Some readings may be behind publisher paywalls. As a UW student, you have free access through the UW Libraries proxy. See the Resources page for setup instructions.

Options (pick one)

Option A: Kleppmann 2025, AI Will Make Formal Verification Go Mainstream

Kleppmann argues that AI will make formal verification go mainstream. Proof checkers provide deterministic feedback: a wrong proof is simply rejected, which means hallucination is irrelevant. Meanwhile, AI-generated code creates new demand for machine-checkable correctness. Kleppmann coins "vericoding" for the practice of having AI produce both code and its correctness proof. The bottleneck shifts to writing the specification. If you have written Z3 constraints this quarter, you have practiced exactly the skill Kleppmann says will matter most.

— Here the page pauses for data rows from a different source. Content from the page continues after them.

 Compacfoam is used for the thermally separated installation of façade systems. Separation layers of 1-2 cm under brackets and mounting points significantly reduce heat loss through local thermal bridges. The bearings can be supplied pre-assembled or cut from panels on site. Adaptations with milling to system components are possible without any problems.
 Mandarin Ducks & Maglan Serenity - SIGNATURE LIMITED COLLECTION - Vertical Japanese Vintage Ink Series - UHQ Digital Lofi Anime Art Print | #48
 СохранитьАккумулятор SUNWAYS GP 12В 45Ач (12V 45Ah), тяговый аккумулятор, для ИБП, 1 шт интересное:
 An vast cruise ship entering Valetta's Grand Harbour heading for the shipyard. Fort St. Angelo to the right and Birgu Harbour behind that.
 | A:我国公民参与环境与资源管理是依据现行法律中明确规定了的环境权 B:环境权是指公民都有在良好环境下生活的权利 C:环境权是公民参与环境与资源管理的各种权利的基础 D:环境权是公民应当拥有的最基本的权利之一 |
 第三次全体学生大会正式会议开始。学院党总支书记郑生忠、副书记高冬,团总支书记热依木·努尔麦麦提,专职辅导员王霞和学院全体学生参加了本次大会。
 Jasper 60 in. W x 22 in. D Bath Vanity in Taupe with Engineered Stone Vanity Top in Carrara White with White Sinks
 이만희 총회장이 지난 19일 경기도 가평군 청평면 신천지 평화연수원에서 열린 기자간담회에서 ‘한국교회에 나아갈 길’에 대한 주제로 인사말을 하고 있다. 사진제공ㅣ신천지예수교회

Option B: Thomas 2026, AI Coding's Hidden Verification Premium

Thomas reports that experienced developers using AI coding tools believed they were 20% faster. The METR randomized trial showed a 19% net slowdown. The gap between perceived and actual productivity is the heart of his argument: AI-generated code looks right, passes tests, and accumulates technical debt that only experienced engineers can detect. His conclusion: AI generates code faster than anyone can verify it, and the developers who can tell good code from bad are worth more than ever.

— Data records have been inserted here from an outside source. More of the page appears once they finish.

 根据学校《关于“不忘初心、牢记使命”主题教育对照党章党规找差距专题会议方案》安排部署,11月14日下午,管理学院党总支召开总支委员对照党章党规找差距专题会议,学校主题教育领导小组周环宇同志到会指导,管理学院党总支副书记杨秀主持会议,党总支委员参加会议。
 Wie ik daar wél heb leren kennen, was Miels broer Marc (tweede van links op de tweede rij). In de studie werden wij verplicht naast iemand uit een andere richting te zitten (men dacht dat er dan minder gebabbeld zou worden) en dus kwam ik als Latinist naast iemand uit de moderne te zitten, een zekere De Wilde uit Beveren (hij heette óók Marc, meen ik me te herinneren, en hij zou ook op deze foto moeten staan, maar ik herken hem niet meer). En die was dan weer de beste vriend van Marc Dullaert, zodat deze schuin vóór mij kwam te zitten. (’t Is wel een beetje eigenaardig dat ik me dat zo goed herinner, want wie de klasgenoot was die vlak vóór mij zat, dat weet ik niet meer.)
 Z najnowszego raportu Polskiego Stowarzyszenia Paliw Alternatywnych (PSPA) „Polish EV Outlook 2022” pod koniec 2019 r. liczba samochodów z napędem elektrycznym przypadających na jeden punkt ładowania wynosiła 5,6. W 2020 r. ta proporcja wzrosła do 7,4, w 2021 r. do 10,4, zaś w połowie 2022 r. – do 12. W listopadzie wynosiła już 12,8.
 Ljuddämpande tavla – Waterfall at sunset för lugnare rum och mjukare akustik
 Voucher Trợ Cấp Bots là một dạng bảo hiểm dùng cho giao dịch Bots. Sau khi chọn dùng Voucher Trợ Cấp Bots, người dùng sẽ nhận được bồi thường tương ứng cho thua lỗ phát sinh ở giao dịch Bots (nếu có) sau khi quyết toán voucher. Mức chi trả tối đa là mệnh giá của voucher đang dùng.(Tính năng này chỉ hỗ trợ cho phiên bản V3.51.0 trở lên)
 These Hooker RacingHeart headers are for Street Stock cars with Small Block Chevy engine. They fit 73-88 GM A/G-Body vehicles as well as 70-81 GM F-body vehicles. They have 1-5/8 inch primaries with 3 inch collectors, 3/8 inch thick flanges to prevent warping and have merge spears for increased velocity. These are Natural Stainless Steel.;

Option C: de Moura 2026, Who Watches the Provers?

The creator of Z3 explains, in public, that Z3 has no independent checking mechanism and still produces incorrect results. His response is architectural: separate proof search (untrusted, arbitrarily complex) from proof checking (trusted, under 5,000 lines of code), then build multiple independent checkers. When AI found seven kernel bugs in Rocq, Lean's architecture survived because an exploit that works against one kernel fails against the others. If you have used Z3 this quarter and trusted its output, de Moura forces a question: what are you actually trusting, and is the architecture built to deserve that trust?

Enrichment

These are optional readings that extend the futures presented by the three options above. You do not need to read any of them, but if one of the options left you wanting more, start here.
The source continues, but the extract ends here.